8. A big step in Macdonald’s hawk training is “walking” Mabel in public. Macdonald fears what Mabel’s encounter with people will be like: “They are things to shun, to fear, to turn from, shielding my hawk” (p. 100). Is Macdonald also shielding herself? Why or why not?

9. Macdonald writes that each picture her father took was “a record, a testament, a bulwark against forgetting, against nothingness, against death” (p. 71). Later, she looks just once at the last photo her father took before he died. “[A]n empty London street . . . a wall tipped sideways from the vertical and running into the distance; a vanishing point of sallow, stormy sky.” It is a photo that she can “never stop seeing” (p. 106). Does Macdonald’s memory of this photo serve as a bulwark against forgetting her father? Or against her father’s death?

10. As Macdonald continues with Mabel’s training, she explains, “I felt incomplete unless the hawk was sitting on my hand: we were parts of each other. Grief and the hawk had conspired to this strangeness” (p. 135). How great a role does grief play in making Macdonald feel complete with Mabel?

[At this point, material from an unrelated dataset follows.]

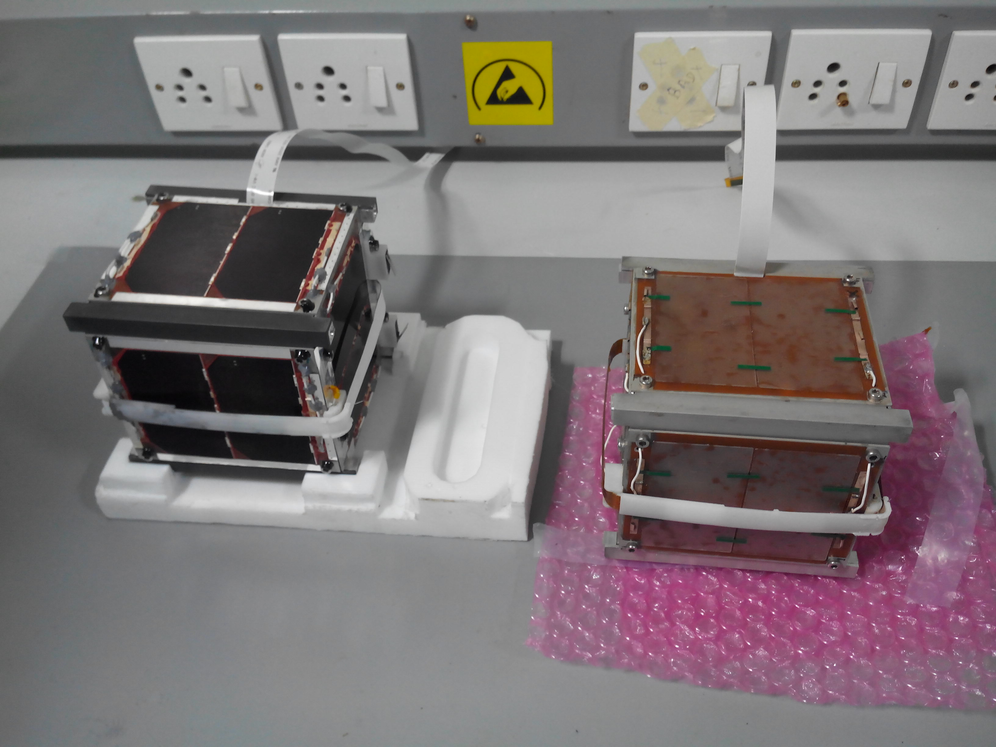 The Satellite to the right is Flight model of Swayam satellite and the one on left side is Qualification model

11. At key points in the narrative, Macdonald is able to rely on various friends to help her through a specific emotional challenge or with Mabel’s training. How important is human friendship to Macdonald as she travels through her grief? Is it more of a challenge for her to recognize human contributions to her healing than Mabel’s? Why or why not?
you are entirely at the world’s mercy” (p. 177). What does Macdonald mean?

12. After her father’s memorial service, Macdonald thinks about her decision to “flee to the wild. It was what people did. The nature books I’d read told me so.” Macdonald realizes that this was “a beguiling but dangerous lie” that inevitably harmed Mabel. “I’d fled to become a hawk, but in my misery all I had done was turn the hawk into a mirror of me” (p. 218). How much responsibility does Macdonald bear for religiously following her nature books’ advice? Is Macdonald expressing enough empathy for her decisions? Which books is she referring to?